**Your task:**
In the material below, please retype the lines from the very first through the one with "- Package Includes", exactly and without pictures.

**Data extracts:**
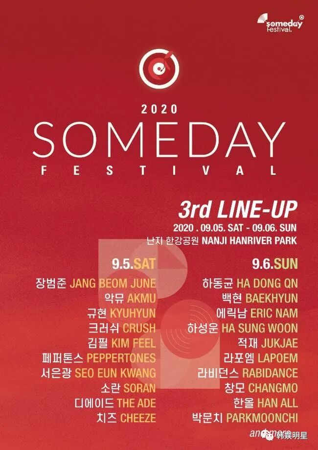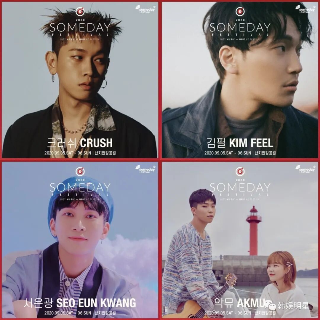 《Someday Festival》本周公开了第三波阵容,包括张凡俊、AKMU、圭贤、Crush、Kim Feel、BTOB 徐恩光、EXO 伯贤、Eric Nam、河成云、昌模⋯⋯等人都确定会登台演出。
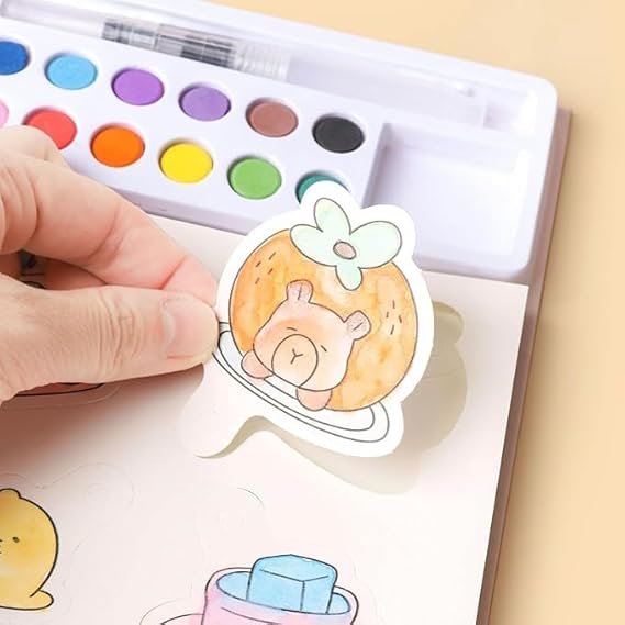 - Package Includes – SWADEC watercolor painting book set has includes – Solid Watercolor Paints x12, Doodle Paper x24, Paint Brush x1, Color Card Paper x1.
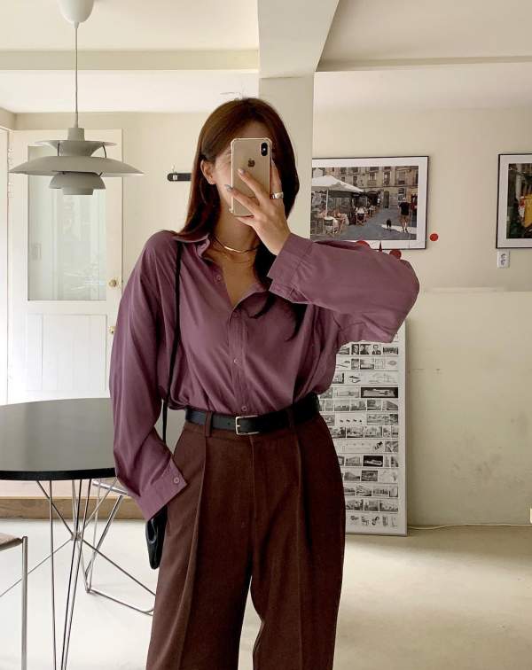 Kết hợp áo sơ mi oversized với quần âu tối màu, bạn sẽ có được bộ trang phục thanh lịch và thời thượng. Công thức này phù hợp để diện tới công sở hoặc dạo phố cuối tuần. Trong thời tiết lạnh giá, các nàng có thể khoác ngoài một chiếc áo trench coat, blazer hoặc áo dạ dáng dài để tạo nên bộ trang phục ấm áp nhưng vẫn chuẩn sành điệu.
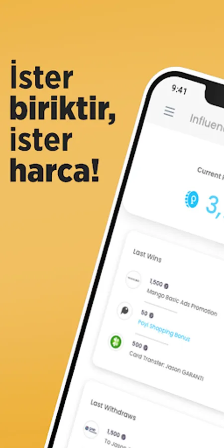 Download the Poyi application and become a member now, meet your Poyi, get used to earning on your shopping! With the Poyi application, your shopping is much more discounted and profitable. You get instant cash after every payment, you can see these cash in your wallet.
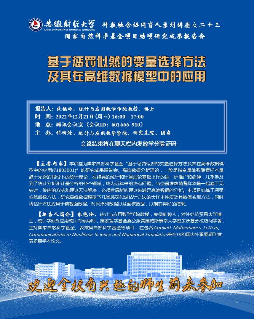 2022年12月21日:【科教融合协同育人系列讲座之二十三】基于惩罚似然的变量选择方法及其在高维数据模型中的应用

**Expected output:**
 《Someday Festival》本周公开了第三波阵容,包括张凡俊、AKMU、圭贤、Crush、Kim Feel、BTOB 徐恩光、EXO 伯贤、Eric Nam、河成云、昌模⋯⋯等人都确定会登台演出。
 - Package Includes – SWADEC watercolor painting book set has includes – Solid Watercolor Paints x12, Doodle Paper x24, Paint Brush x1, Color Card Paper x1.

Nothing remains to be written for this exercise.